[Opening Information given section]
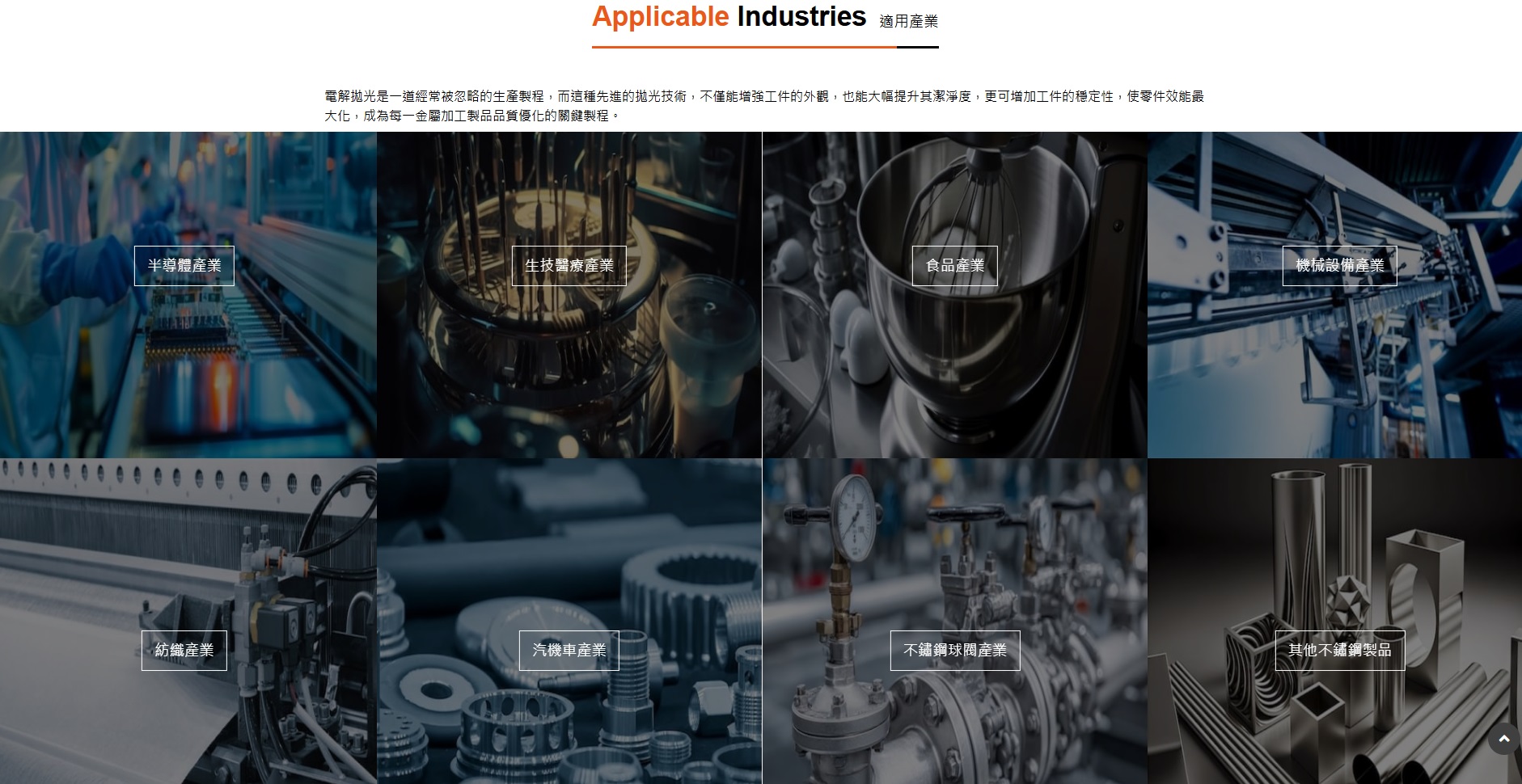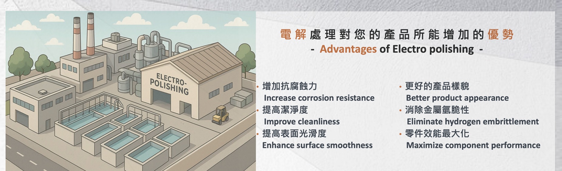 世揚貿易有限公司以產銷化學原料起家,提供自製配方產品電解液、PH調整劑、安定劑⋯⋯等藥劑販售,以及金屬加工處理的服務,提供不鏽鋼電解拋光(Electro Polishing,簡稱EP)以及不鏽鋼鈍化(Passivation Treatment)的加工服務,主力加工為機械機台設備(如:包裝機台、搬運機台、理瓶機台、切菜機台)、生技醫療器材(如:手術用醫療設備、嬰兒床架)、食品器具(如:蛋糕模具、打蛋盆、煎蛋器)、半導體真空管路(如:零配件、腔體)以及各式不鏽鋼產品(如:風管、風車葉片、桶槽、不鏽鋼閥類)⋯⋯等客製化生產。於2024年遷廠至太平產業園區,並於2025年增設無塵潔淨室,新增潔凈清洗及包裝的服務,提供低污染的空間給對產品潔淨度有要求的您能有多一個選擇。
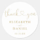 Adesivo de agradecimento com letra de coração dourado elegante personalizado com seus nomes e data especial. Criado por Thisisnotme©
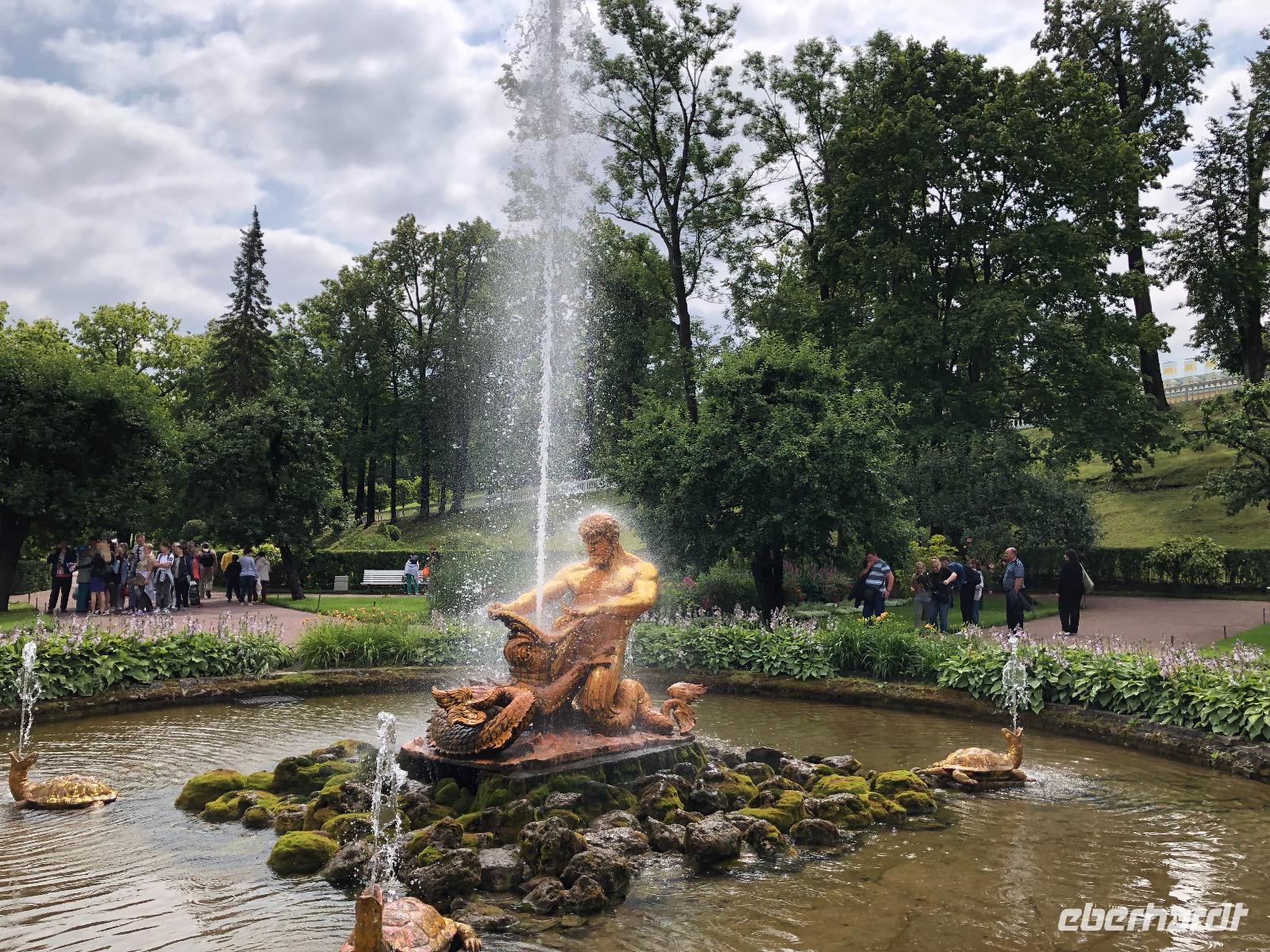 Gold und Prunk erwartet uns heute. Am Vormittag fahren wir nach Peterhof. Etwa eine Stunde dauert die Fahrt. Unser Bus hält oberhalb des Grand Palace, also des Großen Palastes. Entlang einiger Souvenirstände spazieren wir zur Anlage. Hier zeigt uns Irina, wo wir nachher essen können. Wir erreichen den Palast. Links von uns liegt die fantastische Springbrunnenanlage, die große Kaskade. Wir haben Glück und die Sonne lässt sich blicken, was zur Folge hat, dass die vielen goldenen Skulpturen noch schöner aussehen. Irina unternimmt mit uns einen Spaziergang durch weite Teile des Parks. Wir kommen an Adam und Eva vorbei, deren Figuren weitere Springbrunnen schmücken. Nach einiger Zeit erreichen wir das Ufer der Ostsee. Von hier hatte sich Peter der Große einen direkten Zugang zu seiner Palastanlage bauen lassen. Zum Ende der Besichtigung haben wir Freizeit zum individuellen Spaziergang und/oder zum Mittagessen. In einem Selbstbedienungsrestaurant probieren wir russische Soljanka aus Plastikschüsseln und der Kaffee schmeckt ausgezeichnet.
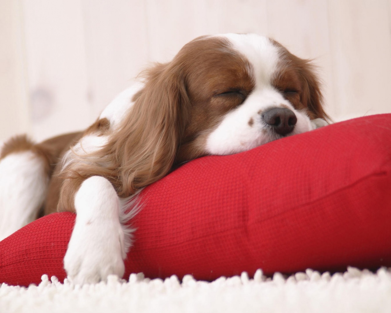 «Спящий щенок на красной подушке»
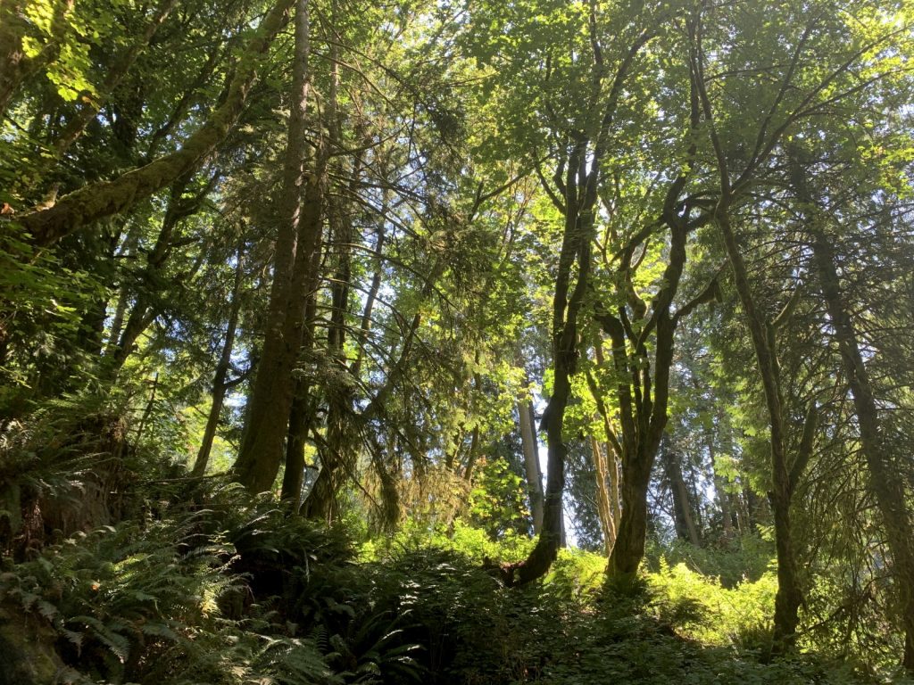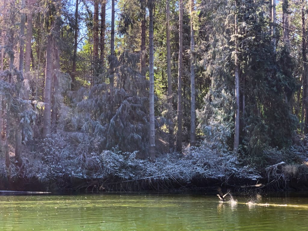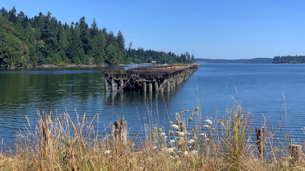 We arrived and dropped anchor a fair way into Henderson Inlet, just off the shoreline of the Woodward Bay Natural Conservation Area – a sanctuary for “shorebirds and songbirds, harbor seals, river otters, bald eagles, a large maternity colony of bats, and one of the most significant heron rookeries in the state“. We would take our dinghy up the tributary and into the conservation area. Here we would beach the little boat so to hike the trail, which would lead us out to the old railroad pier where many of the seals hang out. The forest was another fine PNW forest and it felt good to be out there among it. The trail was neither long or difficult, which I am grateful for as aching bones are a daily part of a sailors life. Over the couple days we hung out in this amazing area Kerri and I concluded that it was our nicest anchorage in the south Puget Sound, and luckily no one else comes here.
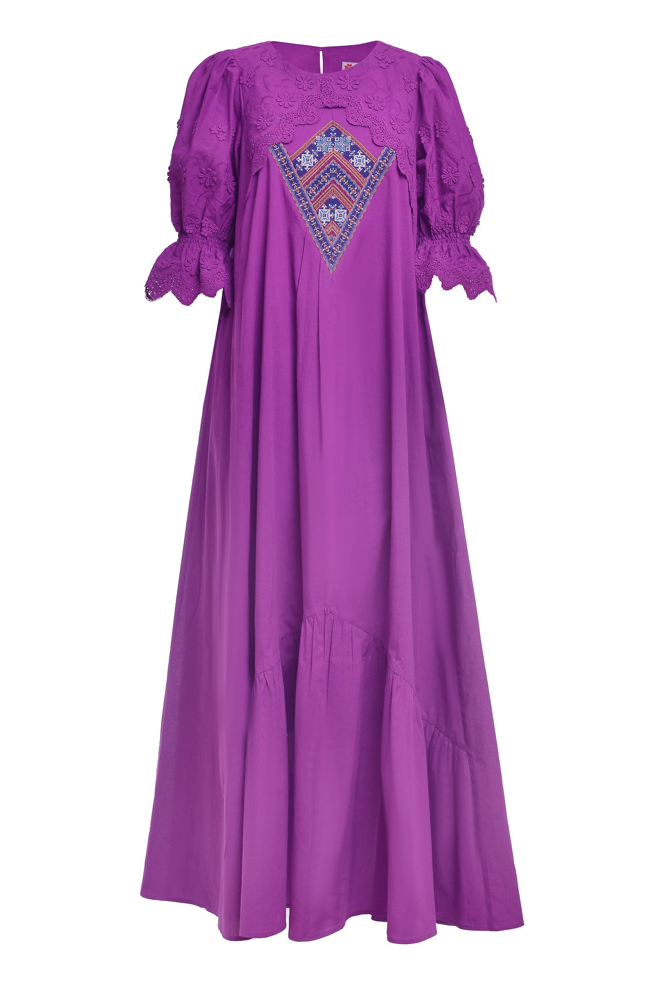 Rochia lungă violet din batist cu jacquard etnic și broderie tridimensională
[Closing Information given section]
- What needs to be done:
With the pictures excluded, the line containing "We arrived and" and every line after it through the end of the data above are to be transcribed exactly, and nothing more.

- Solution to this exercise:
 We arrived and dropped anchor a fair way into Henderson Inlet, just off the shoreline of the Woodward Bay Natural Conservation Area – a sanctuary for “shorebirds and songbirds, harbor seals, river otters, bald eagles, a large maternity colony of bats, and one of the most significant heron rookeries in the state“. We would take our dinghy up the tributary and into the conservation area. Here we would beach the little boat so to hike the trail, which would lead us out to the old railroad pier where many of the seals hang out. The forest was another fine PNW forest and it felt good to be out there among it. The trail was neither long or difficult, which I am grateful for as aching bones are a daily part of a sailors life. Over the couple days we hung out in this amazing area Kerri and I concluded that it was our nicest anchorage in the south Puget Sound, and luckily no one else comes here.
 Rochia lungă violet din batist cu jacquard etnic și broderie tridimensională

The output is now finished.